The blog reports an approximate 2.5× scaling efficiency improvement over Kimi K2.
Coding and agentic performance
Kimi K3’s strongest results are in coding benchmarks. Key numbers (Moonshot AI, 2026-07-16):
| Benchmark | Kimi K3 | Context |
|---|---|---|
| DeepSWE v1.1 | 67.3 | With KimiCode harness |
| Arena Frontend Code | #1 (1679 pts) | Surpassed Claude Fable 5 |
| Vals AI Index | #2 overall | Behind Fable 5 |
| Vals Vibe Code Bench | 85.0% | #2 overall |
| BrowseComp | 90.4 | With 1M-token context, no compaction needed |
| Vercel/Next.js Evals | Best | First open model to lead |
In an autonomous chip design proof of concept, K3 produced a 45nm design at 100 MHz within 4 mm² in a single 48-hour run, using open-source EDA tools. It also built MiniTriton, a from-scratch GPU compiler that matches or beats Triton and torch.compile on roofline benchmarks (Moonshot AI, 2026-07-16).
Practical implications
- Open weights (by July 27) — teams can self-host, fine-tune, and audit the model, unlike GPT-5.6 Sol or Claude Fable 5.
- API cost — $3/MTok input and $15/MTok output is competitive for a model at this scale, helped by the >90% cache hit rate.
- Deployment requirements — the blog recommends supernode configurations with 64+ accelerators for inference, which is not a casual deployment but within reach for organizations with existing GPU clusters.
- Kimi Code integration — the model is available immediately via the Kimi Code CLI agent, making it practical for terminal-based coding workflows.
Risks and caveats
- Weights are not yet released — the July 27 promise is credible given Moonshot’s track record (K2, K2.5, K2.6 were all released as Apache-2.0), but the actual license and availability are TBD.
- No independent technical report yet — the blog provides high-level architecture descriptions but the detailed technical report is promised alongside the weights.

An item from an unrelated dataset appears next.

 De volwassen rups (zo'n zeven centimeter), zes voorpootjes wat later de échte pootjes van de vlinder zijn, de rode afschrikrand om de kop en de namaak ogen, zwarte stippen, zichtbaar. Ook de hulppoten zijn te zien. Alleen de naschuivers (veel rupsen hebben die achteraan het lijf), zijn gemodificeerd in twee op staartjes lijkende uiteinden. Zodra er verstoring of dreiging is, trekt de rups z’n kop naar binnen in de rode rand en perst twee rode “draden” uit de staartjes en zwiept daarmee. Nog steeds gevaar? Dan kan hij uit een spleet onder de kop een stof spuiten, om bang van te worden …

- Known limitations (Moonshot AI, 2026-07-16):
- Thinking history sensitivity — K3 requires preserved thinking history; harness compatibility matters.
- Excessive proactiveness — may make unexpected decisions on ambiguous tasks; needs explicit behavioral constraints for bounded applications.

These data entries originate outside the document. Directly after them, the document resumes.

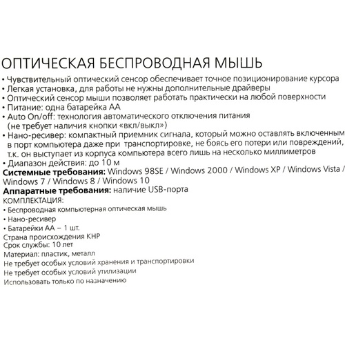 1 батарейка типа AA, USB-приемник
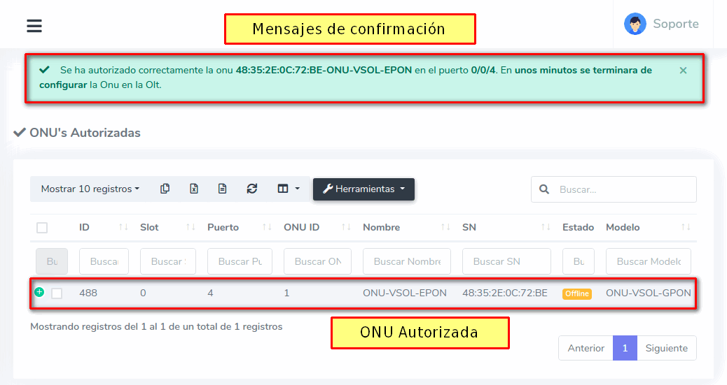 Al conectar un equipo a la OLT, este debe ser autorizado para poder establecer una conexión, a continuación se explican los pasos a seguir para autorizar Onu's en OLT's VSOL GPON desde AdminOLT.
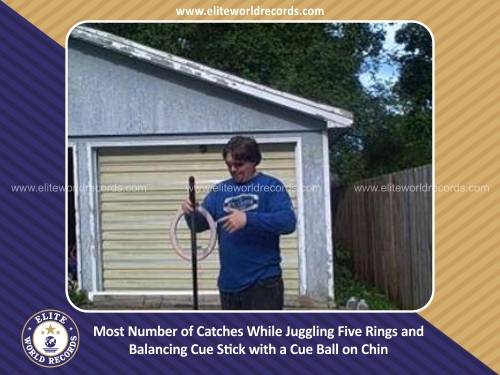 Most Number of Catches While Juggling Five Rings and Balancing Cue Stick with a Cue Ball on Chin
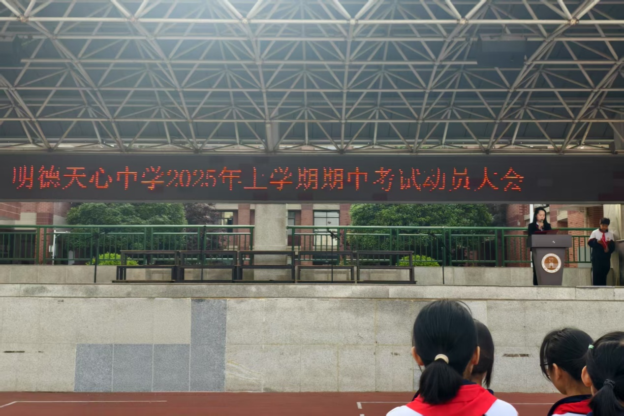 大会第一项,升旗仪式。明德天心中学员工护旗手出国旗,升国旗、校旗,全体同学肃立敬礼,齐唱国歌、校歌。在国旗下讲话环节,明德天心中学员工代表2408班刘子墨同学进行“智慧启航,青春逐梦”主题演讲,她呼吁同学们在青春的赛道上奋力奔跑,用智慧创造未来,明德天心中学副董事长冉银莎进行2025年上学期期中考试动员大会,她从目标设定、知识系统构建、知识漏洞补缺和道德品行等方面对全体同学提出建议和要求。

- UX gap — the blog acknowledges a noticeable experience gap compared to Fable 5 and GPT-5.6 Sol.
- Benchmark harness variation — several comparisons use different harnesses (KimiCode vs Claude Code vs Codex), which the blog’s footnotes disclose but may affect cross-model comparability.
- Proprietary frontier gap — K3 “still trails” Fable 5 and GPT-5.6 Sol across the overall evaluation suite.
What to watch
- Weights release on July 27 — the actual license terms, model card, and community reception will determine real-world adoption.

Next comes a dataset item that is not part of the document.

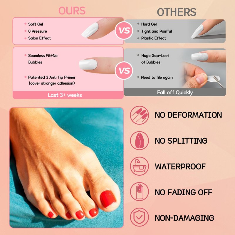 - 💅🎉High quality toe nails press on : This acrylic toenail kit made of high quality ABS material, strong and durable, lasts for days without any lifting or shifting. Engineered to conform to the natural curve of your toes, our glue on toe nails for women provide a comfortable and natural fit, allowing you to wear them for long time without discomfort. And if you want, you can sealing the nails by applying top coat and cure it with UV lamp to make the surface shine for long time.
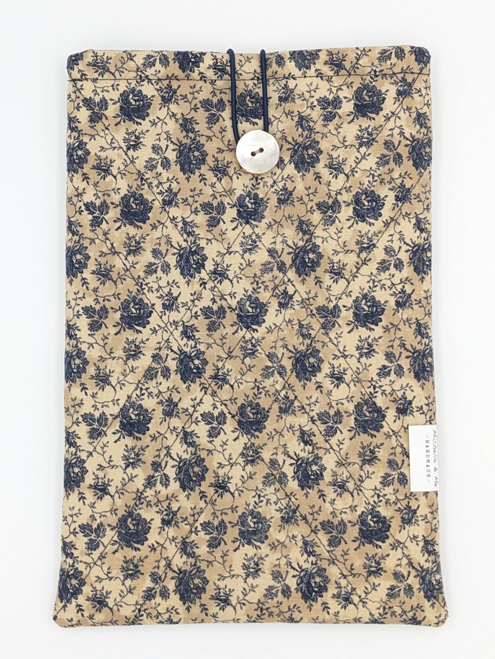 Quilted Small Book Sleeve in Tea-Stained Navy Floral Cotton

- Technical report — expected alongside weights; will clarify training data, compute budget, and detailed evaluation methodology.
- vLLM integration — Moonshot has contributed KDA prefill cache support to the vLLM community, which should simplify self-hosted deployment.
- Ecosystem adoption — whether fine-tuned variants, quantizations (GGUF, AWQ), and toolchain integrations appear quickly.
- Comparison to DeepSeek’s next model — DeepSeek V3/R1 series is the main open-weight competitor at this scale; the relative standings will shift as both release updates.